Lucia Banci, Ivano Bertini, Roberta Pierattelli, Ming Tien, Alejandro J. Vila

Research output: Contribution to journalArticlepeer-review

39 Scopus citations

Abstract

We have used NMR spectroscopy to study the cyanide derivative of lignin peroxidase with the goal of characterizing the electronic structure of this derivative of peroxidases. By using various homonuclear and heteronuclear 2D NMR techniques and by making use of the available X-ray structure of the cyanide-free protein, it has been possible to extend the assignment of the heme substituents and of the protons of some active-site residues.
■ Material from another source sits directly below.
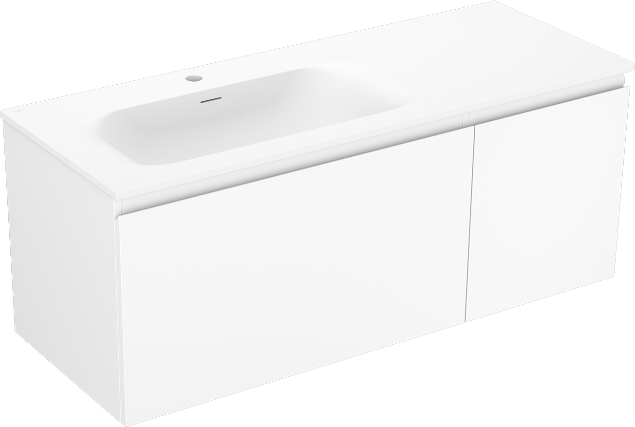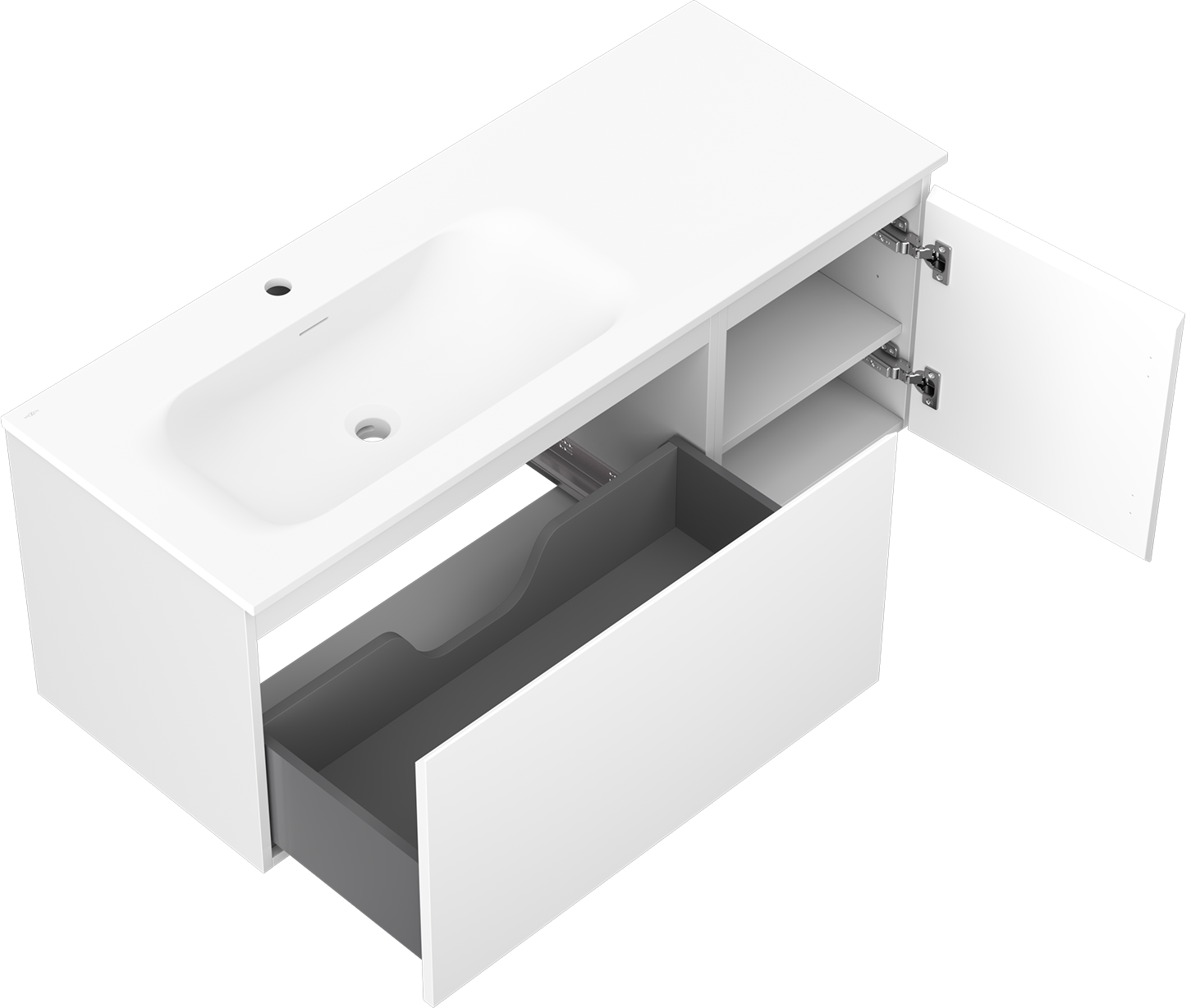 Изрезът в чекмеджето е проектиран по такъв начин, че да побере сифона, който е необходим в мивковите инсталации. Благодарение на това мебелът може да бъде монтиран напълно функционално, без да се налага отказване от пространството в чекмеджето заради инсталацията.

An estimate of the anisotropy and direction of the magnetic susceptibility anisotropy tensor has been obtained from the pseudocontact shifts of protons of residues not directly bound to the heme iron ion. Finally, a factoring of the hyperfine shifts of the heme and proximal histidine protons, as well as of the 13C heme methyls and 15N of the cyanide moiety, is obtained. The contact shift pattern of the heme protons is related to the orientation of the histidine plane. Very large upfield contact shifts are experienced by the aromatic protons of the proximal histidine. The axial magnetic anisotropy is smaller than in metmyoglobin–CN and slightly larger than in horseradish peroxidase–CN. This may reflect the order of the donor strength of the proximal histidine. The z axis of the magnetic susceptibility tensor is found essentially perpendicular to the heme plane.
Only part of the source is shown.